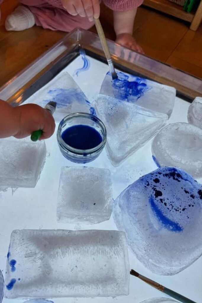 As the children paint, the ice melts transforming the activity into a blend of art and exploration as they search for shapes, colors, or patterns.
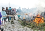 小正月の行事「さいの神」を行う黒滝町内会。燃える火に、震災からの復興を託した (2009/01/13)
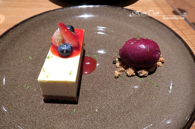 這道甜點很適合女生,酸酸甜甜的滋味,搭配重乳酪蛋糕,是很耐吃的一道甜點,即使酒足飯飽,大口吃肉之後,還是能輕鬆的吃完它。
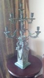 nine arm brass (patina finish) candelabra with sea serpent and scrolls
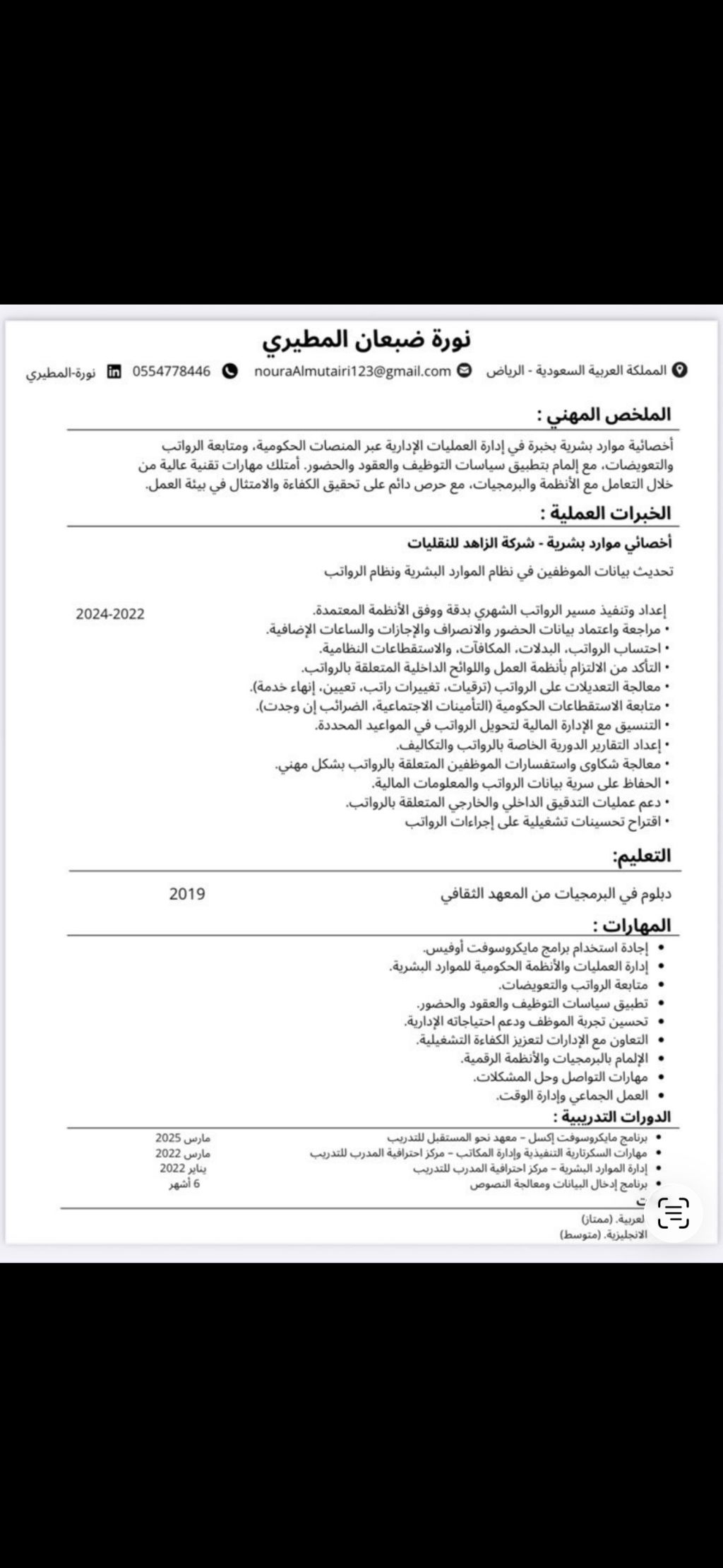 أنا نورة المطيري، أخصائية موارد بشرية بخبرة في إدارة كشوف المرتبات والعمليات الادارية عبر المنصات الحكومية. وأيضا منصات الحكومية أتابع نجاحات وأرغب في استكشاف فرص التعاون معكم. أرفق لكم سيرتي الذاتية، وأسعد جدا بالتواصل معكم لمناقشة كيف يمكن لخبرتي في حوكمة الموارد البشرية أن تضيف قيمة لفريقكم. شكرا لك
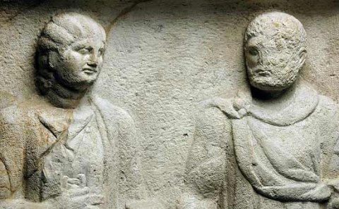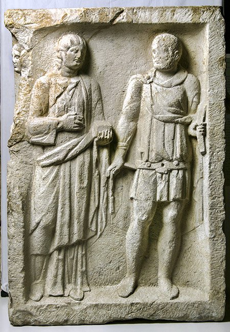 Auf der Vorderseite in Rechtecknische zwei stehende Ganzfiguren (Ehepaar). Links Frau in Schuhen, Ärmeltunica und Mantel, in der Linken Kästchen. Mittelscheitel, gewelltes Haar. Rechts bärtiger Mann (Soldat) in kurzer Tunica mit breitem Gürtel mit Beschlägen und Ringschnalle, Sagum mit Scheibenfibel, Schuhen, in der Linken Rolle (volumen oder Tuch ?), um den rechten Unterarm Armreif (armilla), in der Rechten Gürtelende.
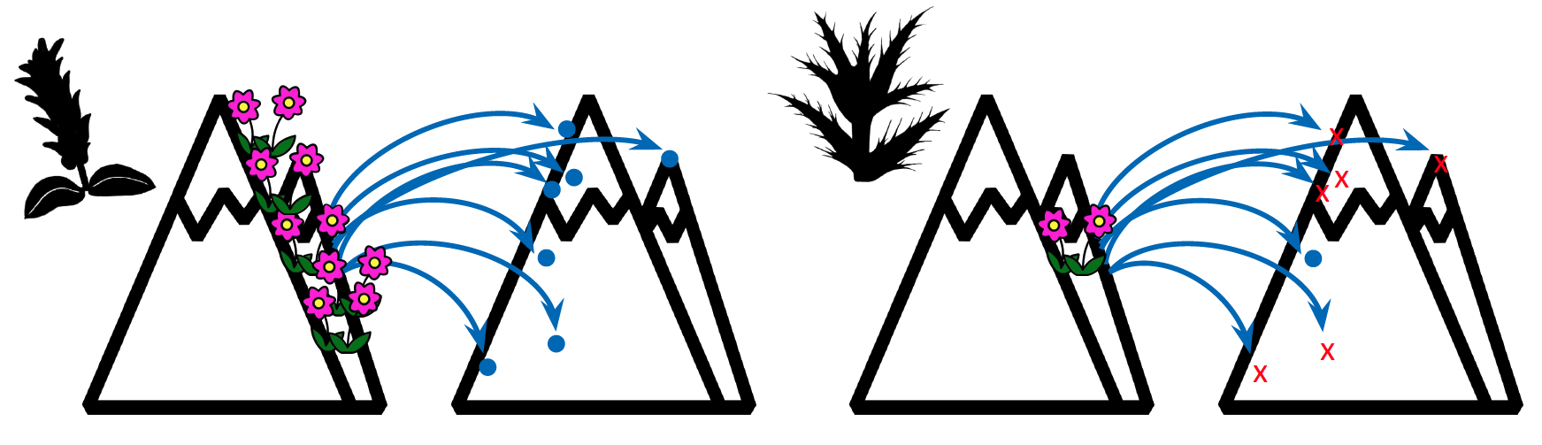 Schematic representing the impact of habitat specialization in range expansion. In the left panel, a generalist like Salix pyrenaica showing multiple successful dispersal events. In the right panel, for a micro-site specialist like Cirsium glabrum, most of the dispersal events will not succeed.

◆ **WORK REQUEST**
Write out exactly the lines from the one containing "這道甜點很適合女生,酸酸甜甜" through the last line of the records above, both ends included, and leave out any pictures.

◆ **TASK ANSWER**
 這道甜點很適合女生,酸酸甜甜的滋味,搭配重乳酪蛋糕,是很耐吃的一道甜點,即使酒足飯飽,大口吃肉之後,還是能輕鬆的吃完它。
 nine arm brass (patina finish) candelabra with sea serpent and scrolls
 أنا نورة المطيري، أخصائية موارد بشرية بخبرة في إدارة كشوف المرتبات والعمليات الادارية عبر المنصات الحكومية. وأيضا منصات الحكومية أتابع نجاحات وأرغب في استكشاف فرص التعاون معكم. أرفق لكم سيرتي الذاتية، وأسعد جدا بالتواصل معكم لمناقشة كيف يمكن لخبرتي في حوكمة الموارد البشرية أن تضيف قيمة لفريقكم. شكرا لك
 Auf der Vorderseite in Rechtecknische zwei stehende Ganzfiguren (Ehepaar). Links Frau in Schuhen, Ärmeltunica und Mantel, in der Linken Kästchen. Mittelscheitel, gewelltes Haar. Rechts bärtiger Mann (Soldat) in kurzer Tunica mit breitem Gürtel mit Beschlägen und Ringschnalle, Sagum mit Scheibenfibel, Schuhen, in der Linken Rolle (volumen oder Tuch ?), um den rechten Unterarm Armreif (armilla), in der Rechten Gürtelende.
 Schematic representing the impact of habitat specialization in range expansion. In the left panel, a generalist like Salix pyrenaica showing multiple successful dispersal events. In the right panel, for a micro-site specialist like Cirsium glabrum, most of the dispersal events will not succeed.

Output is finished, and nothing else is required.